3.       I need to give an overview of the content of my book but add a little something to make the potential reader wonder, and more importantly, purchase!
Easy then! Over to my cover designer Cathy Helms to work wonders.
I researched the book covers from http://bookcoverarchive.com

Monday, 5 September 2011

Reader Report

These are excerpts from a reader's report from a potential publisher. I have been allowed to use their comments, without attribution (for which I thank them, even though I have decided not to go with this particular publisher).

Very positive feedback! Not too long before you have the chance to find out for yourselves!!

The author has a lovely turn of phrase and at times her prose sings off the page. Both committed smokers, their favoured method of travel was in the (often full) smoking carriage of Europe’s trains, and so they found themselves “a fag paper away from relaxation”. After a severe row, and fearing her friend may not wish to travel with her anymore, Deborah describes how she made the decision to restore good relations and “screwed my pride into a tight little ball and swallowed it”. On arriving home and taking stock of their adventure, they both decide they had crammed too much into too short a time. “It was a bit of a mad dash. Not so much a Grand Tour as a  Grand Prix, trying to squeeze as much as possible out of the vehicle as possible.”

These lovely little nuggets of writing nestle in amongst the vivid pictures the author paints of the architecture, culture and anthropology of the local scene, giving the armchair traveller a multi-sensual taste of the cities the women visited, leaving them hungry for more. Extensively researched, and taken just from scraps of a diary written a decade earlier, the book provides a fascinating insight into the girls’ journey; one not to be read by the parents!

A Tale of Nine Cities is thoughtful and sophisticated, entertaining and nostalgic, and a great memento of an unforgettable journey.

Style points: Beautifully written, this book will require very little editing.  A lot of time has been put into this travelogue to make it polished and ready for publication.

Jacket Blurb

I have been working on the jacket blurb for the book, the words on the back cover of the book.
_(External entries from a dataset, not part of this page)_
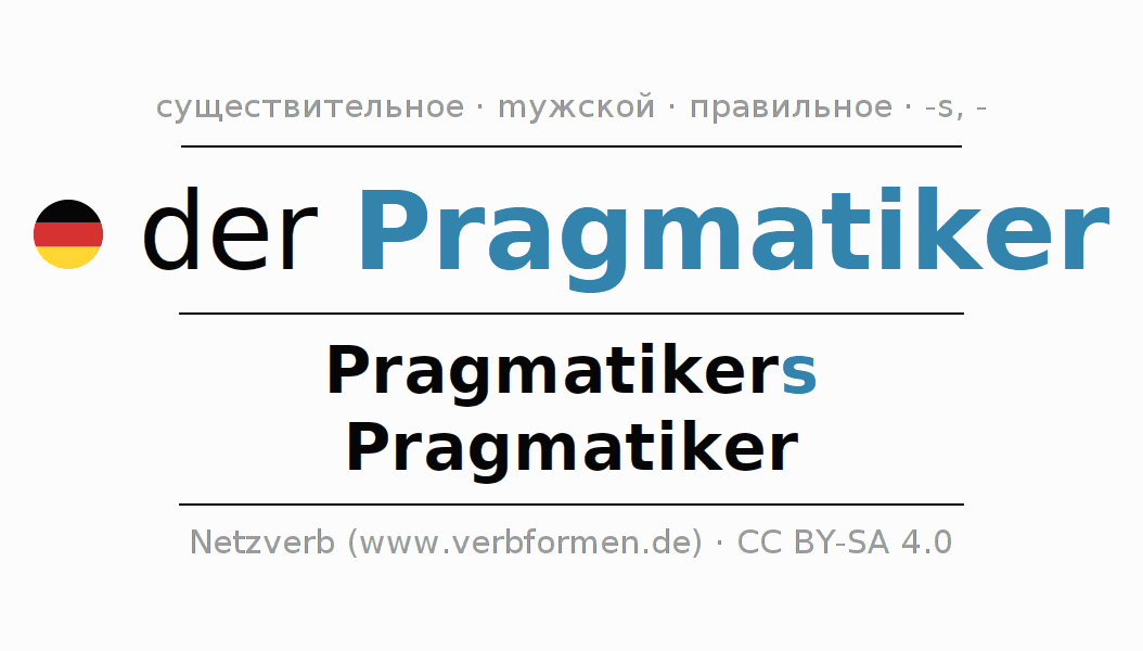 - Множественное число: die Pragmatiker, der Pragmatiker, den Pragmatikern, die Pragmatiker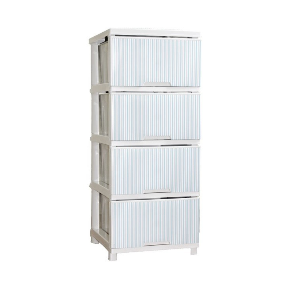 Комод "Флоран", 4 секции, белая роза, пооски голубые, 123093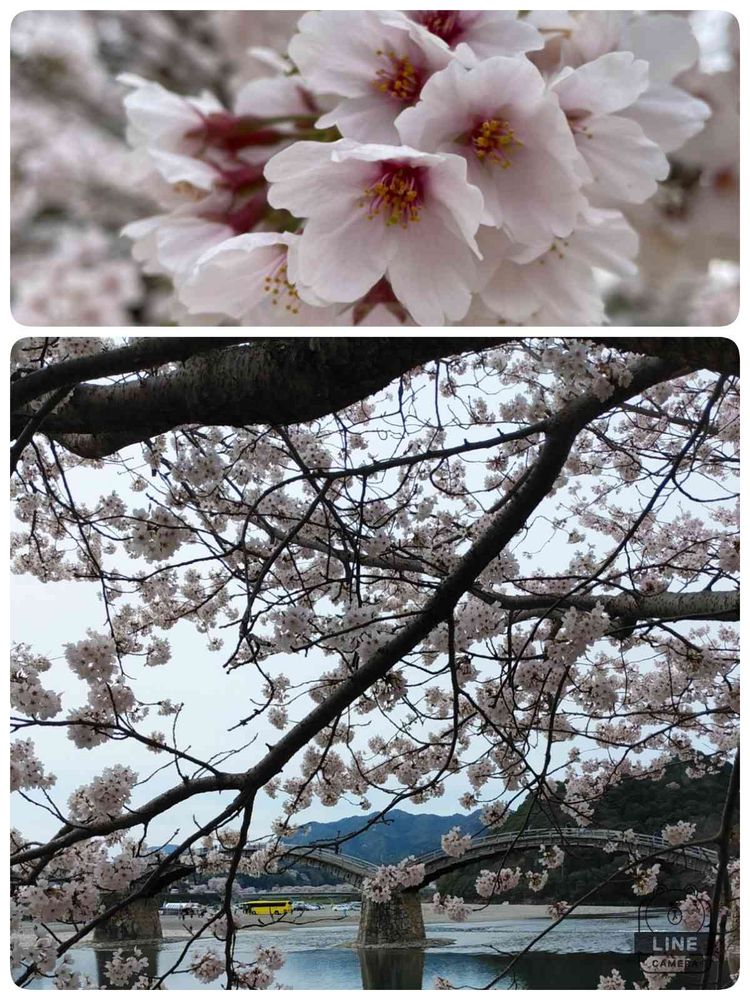 5連の錦帯橋と周辺の桜がおりなす景観は素晴らしいです✨✨

Hopefully it will entice readers to buy the book. Let me know what you think.
A Tale of Nine Cities relates the tale of an eye-opening and inspirational trip taken by two 30 year-old friends around central and eastern Europe by train. Cramming nine cities in eight countries into fifteen days this is no mean feat.
Full of fascinating facts and history of the places visited this is more than a cultural travelogue. The tale is also an amusing and frank account of the adventure during which the girls face some hard facts about themselves and their differing takes on life.
The final edit is underway and I have also sent a copy to my travelling companion to give her a chance to redact (Julian Asange I am not!). So far - silence. Either she has not had a chance to read it yet or is so absorbed she has not had a chance to give me feedback. I hope it is the latter!!

Tuesday, 30 August 2011



City Chronicles: A Tale of Nine Cities relates the tale of an eye-opening and inspirational trip taken by two 30 year-old friends around Central and Eastern Europe by train.

Whilst full of fascinating facts and history, more importantly it’s an amusing and frank account of the adventure, during which my friend and I face some hard facts about ourselves and our differing takes on life.